Ступени к чуду - Борис Семенович Сандлер
Эвакуировались трудно: румыны уже подступали к Бельцам. Особенно страшно было на паромной переправе через Днестр. При посадке Лейба притиснуло к старому еврею в помятом испачканном талесе, наброшенном на плечи, как шаль. Старик держал Лейба за рукав и страстно шептал ему в ухо:
— В синагоге молился я, когда грянул гром. Стекла вылетели из рам. Евреи бросились к двери. Вы понимаете — прервали молитву! На улице все горело, даже люди, которые бежали мимо. Я побежал тоже.

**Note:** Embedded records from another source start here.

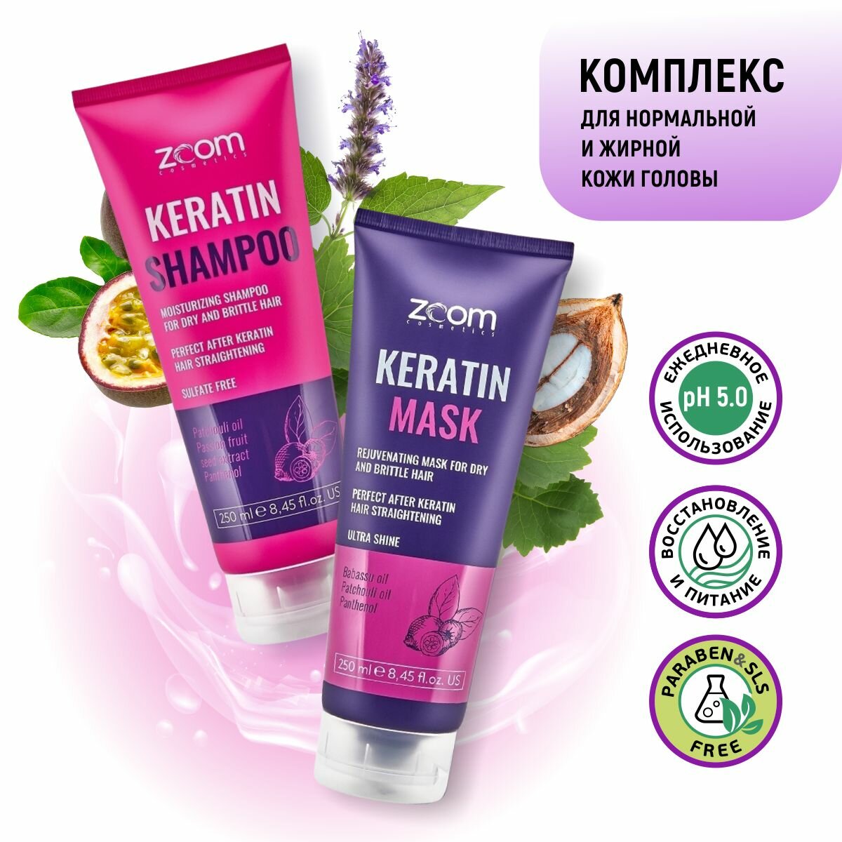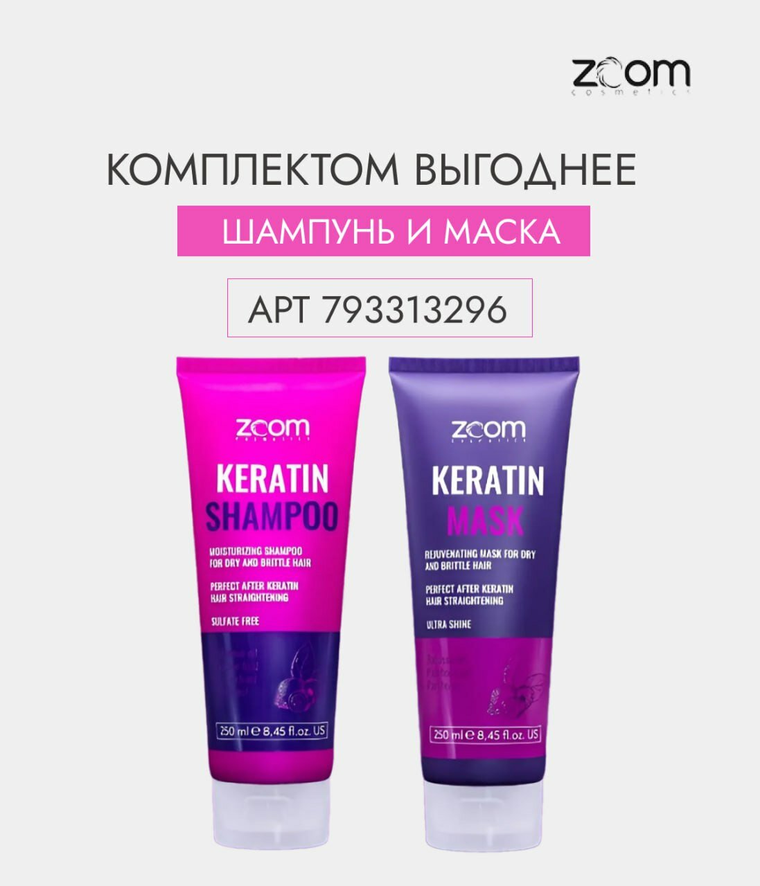 Купить Набор ZOOM Keratin Shampoo Шампунь + маска 250/250 ml
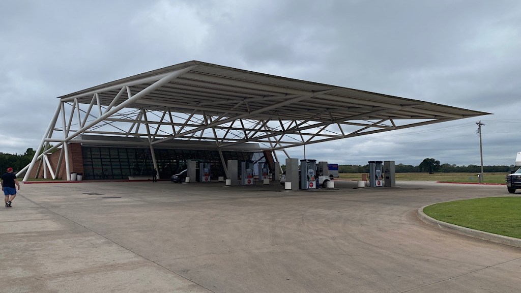 We actually got a fair bit past Tulsa before calling it a day yesterday. Our original plan was an overnight at Chateau Walmart in Sapulpa, just west of Tulsa. It was pretty busy, though, and there was no good place to park out of the way. So we continued on to another Walmart in Bristow, and found exactly what we wanted there.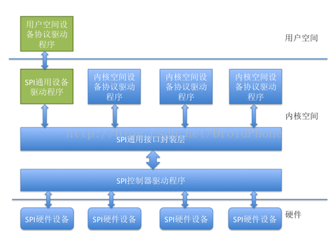在内核的SPI驱动的软件架构中,进行了合理的分层和抽象,如下图所示: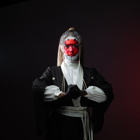 A young woman in fantastic makeup and an Asian kimono, the image of a cyber geisha. Close-up portrait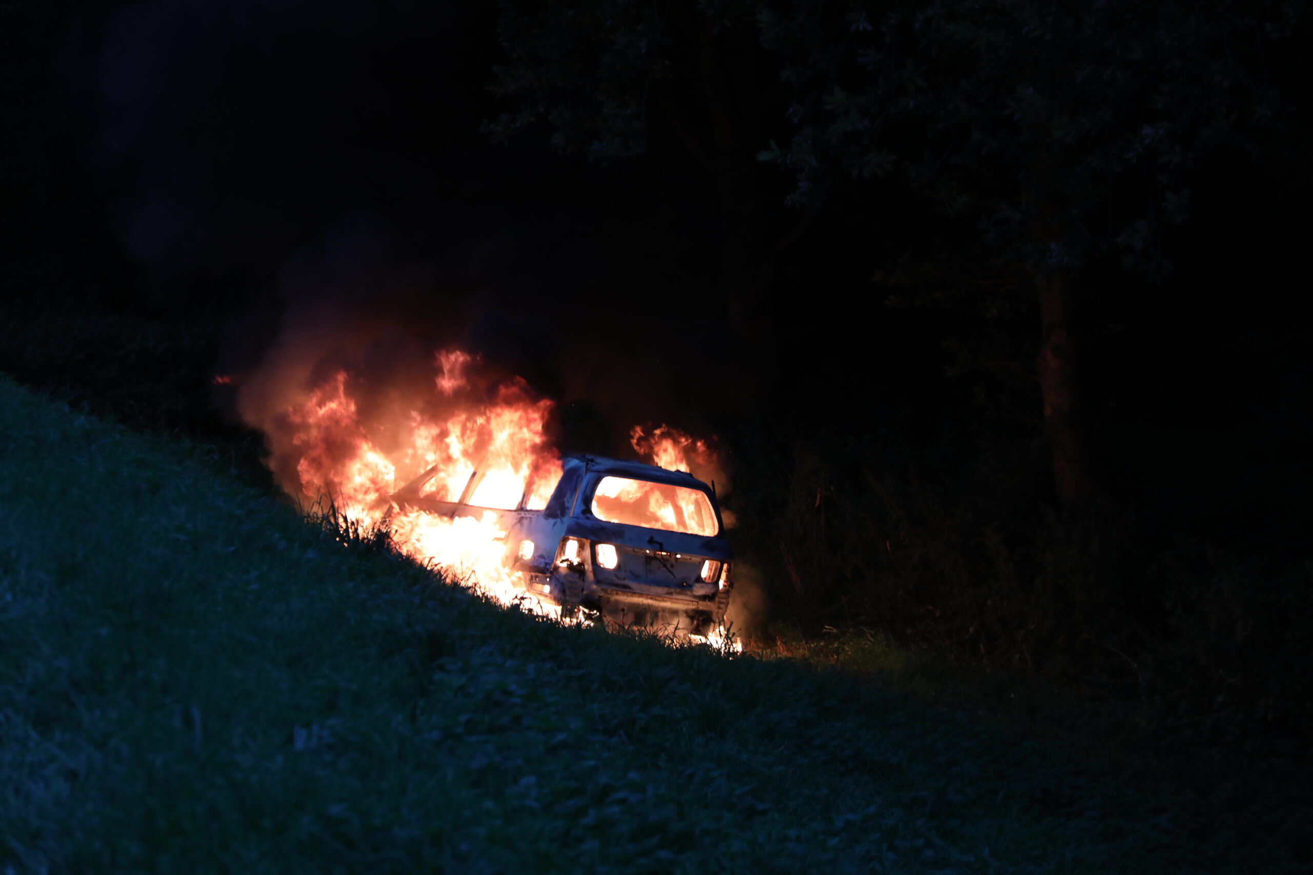 In de berm langs het Meeslouwerpolderpad in recreatiegebied Vlietland is vanmorgen vroeg een brandende auto met Pools kentekenplaten aangetroffen. De brandweer werd even na 6.00 uur gewaarschuwd, maar kon niet voorkomen dat het voertuig helemaal uitbrandde.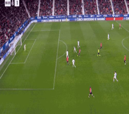 第23分鐘,面對奧薩蘇納的傳中,卡雷拉斯防守過程中險些自擺烏龍,皮球直奔死角而去,庫爾圖瓦做出神勇?lián)渚?,力保球門不失。

Ноги несли меня сами и привели к дому, как умная лошадь привозит домой пьяного балагулу…
Лейб слушал невнимательно, отыскивая глазами Еню и мальчиков. Наконец нашел и немного успокоился.
— Вы когда-нибудь видели бомбу? — шептал старик. — Соседи сказали, что в мой дом попала бомба и мою семью завалило. Всех — и детей, и внуков. Вы видели бомбу? Я — не видел…

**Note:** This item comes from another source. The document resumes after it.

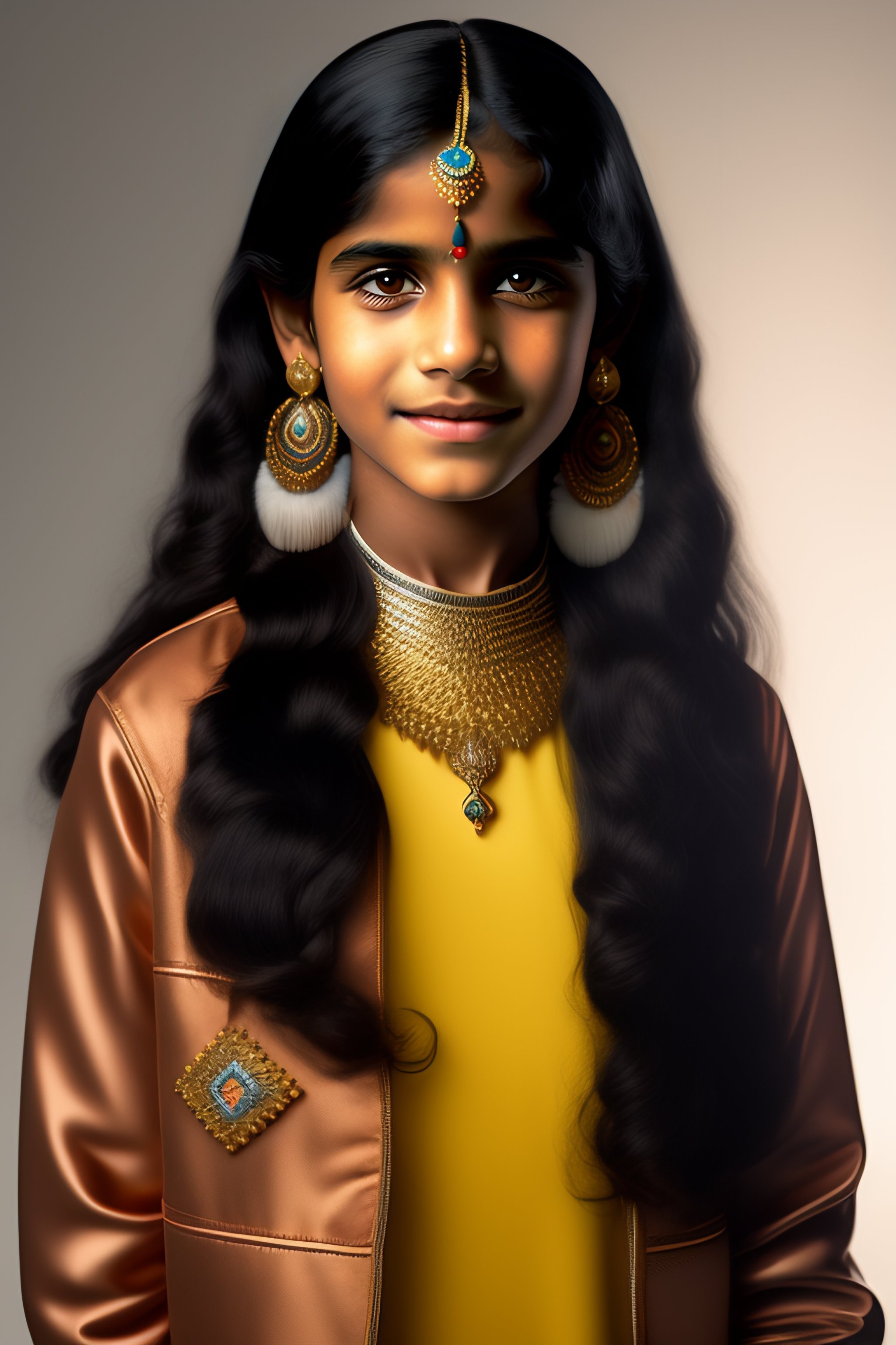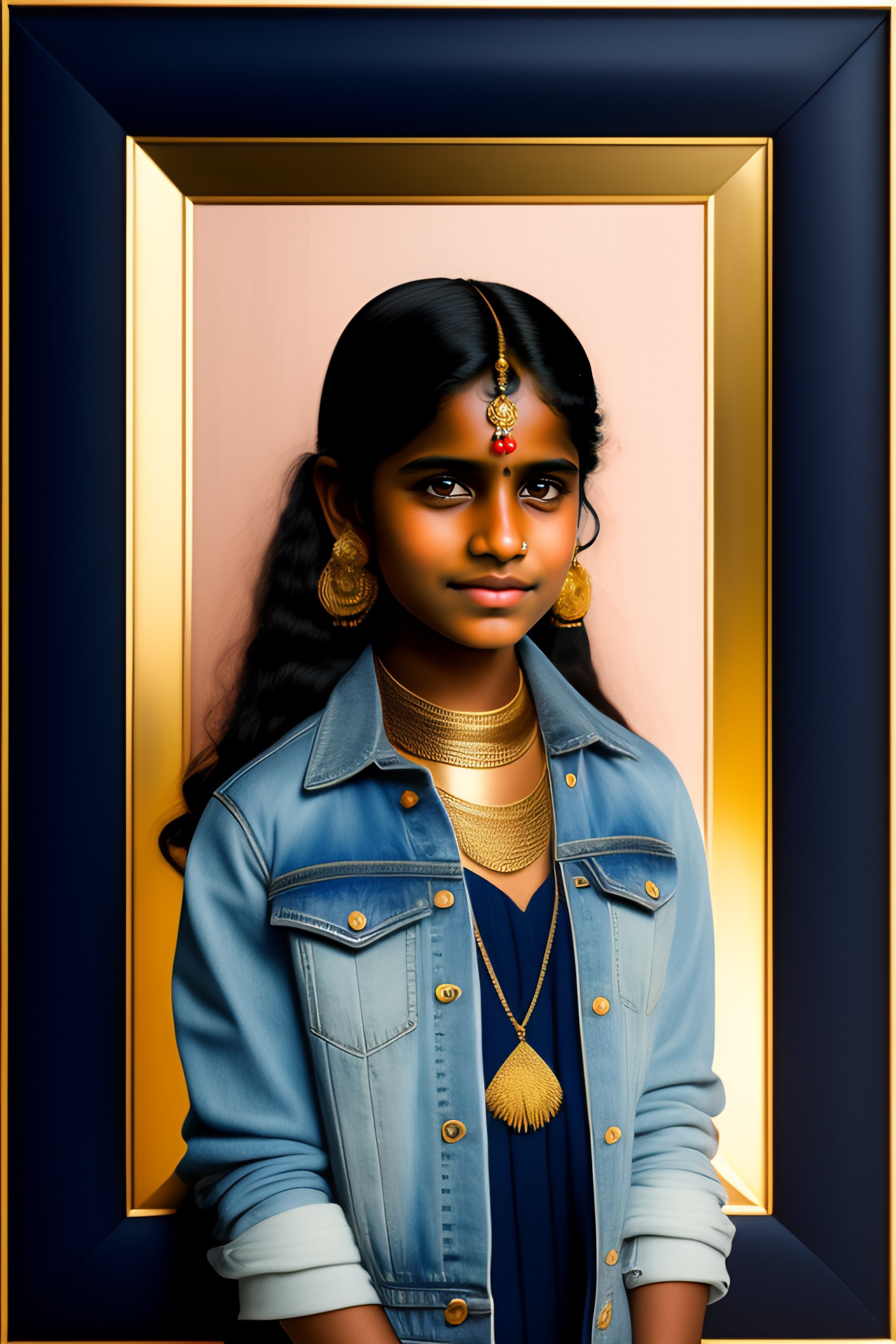 Portrait of a 12 year old indian girl with black flowing hair, brown eyes, a denim jacket, gold choker, silver hoops

Лейб, не дослушав, стал пробираться к своим. Еня сидела на узле, прижимая к себе Вевку и Нёню. Когда муж подошел, она молча подвинулась, давая ему место. Но он не захотел садиться.
— Еня, — сказал он, — видишь того старика? Он совсем один, бедный.
— Горе ему, — вздохнула Еня, не поворачивая головы.
— У нас осталось что-нибудь?
Она подняла к нему измученное лицо.
— Ой, Лейб, Лейб… Разве ты сам не знаешь? Посмотри в платке.
— Я знаю, конечно, — объяснил Лейб, — но хозяйка в доме — ты.
Он действительно знал, что в платке оставалось полбуханки хлеба, четыре запеченные картофелины и две луковицы. Но прежде чем развязать узелок, он должен был спросить Еню, не мог ее не спросить.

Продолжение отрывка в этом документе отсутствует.